▸ **Task requirements**:
Once the images are removed, set down everything else in the listing below exactly.

▸ **Data segment**:

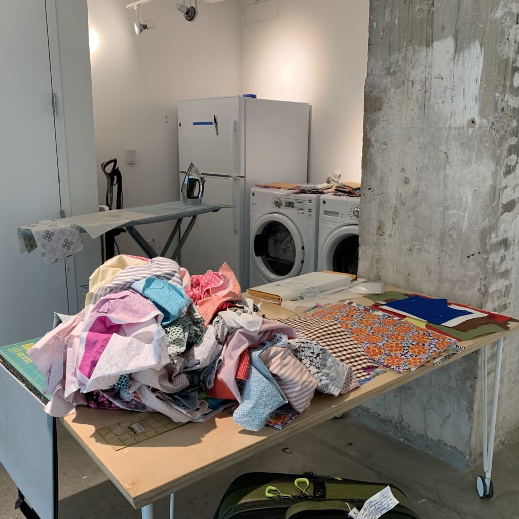 I used the laundry room of the Crosstown artist in residency space to sort, iron, inventory, and prep.
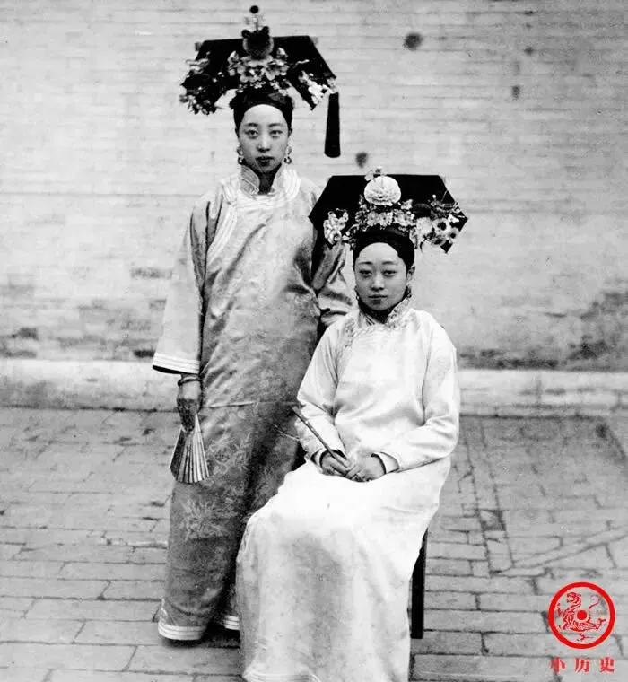 这张两个格格,一个站一个坐,头上那两把“翅膀”似的大头饰夺人眼球,身上衣袍利落。这种标准造型,旧戏台上也能看见,可真让人穿一天,全身都得压出印儿来。听长辈说,嫁出去的格格比自家姑娘受管束多,衣食住行都有专人盯着,“规矩多,日子紧”,看照总觉得她们眼神后面有点别的心事。
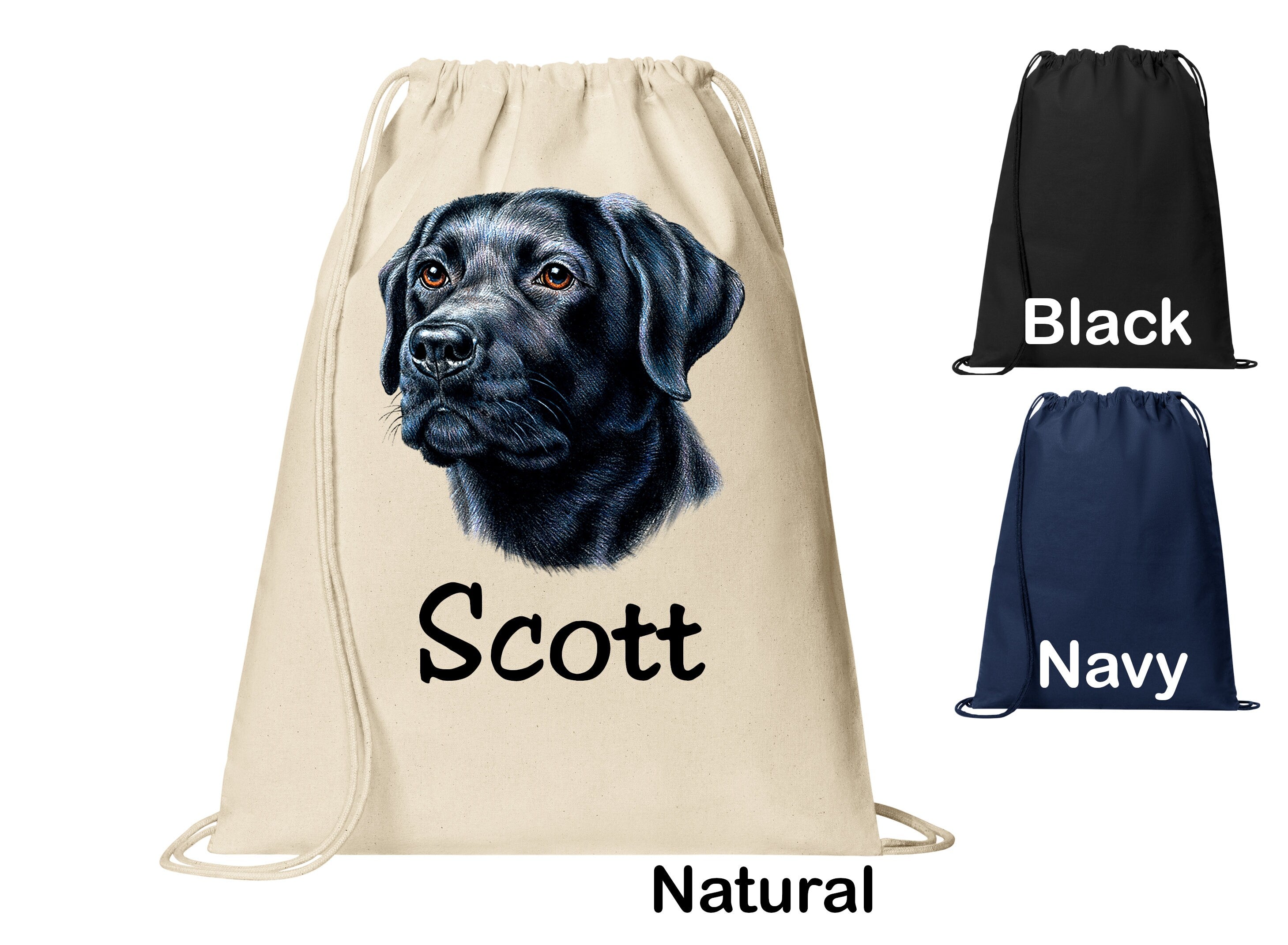 Personalized Black Lab Dog Cinch Pack, Drawstring Gym School PE Pool Backpack, Printed Monogrammed Custom Name, Perfect Gift

▸ **Your response**:
 I used the laundry room of the Crosstown artist in residency space to sort, iron, inventory, and prep.
 这张两个格格,一个站一个坐,头上那两把“翅膀”似的大头饰夺人眼球,身上衣袍利落。这种标准造型,旧戏台上也能看见,可真让人穿一天,全身都得压出印儿来。听长辈说,嫁出去的格格比自家姑娘受管束多,衣食住行都有专人盯着,“规矩多,日子紧”,看照总觉得她们眼神后面有点别的心事。
 Personalized Black Lab Dog Cinch Pack, Drawstring Gym School PE Pool Backpack, Printed Monogrammed Custom Name, Perfect Gift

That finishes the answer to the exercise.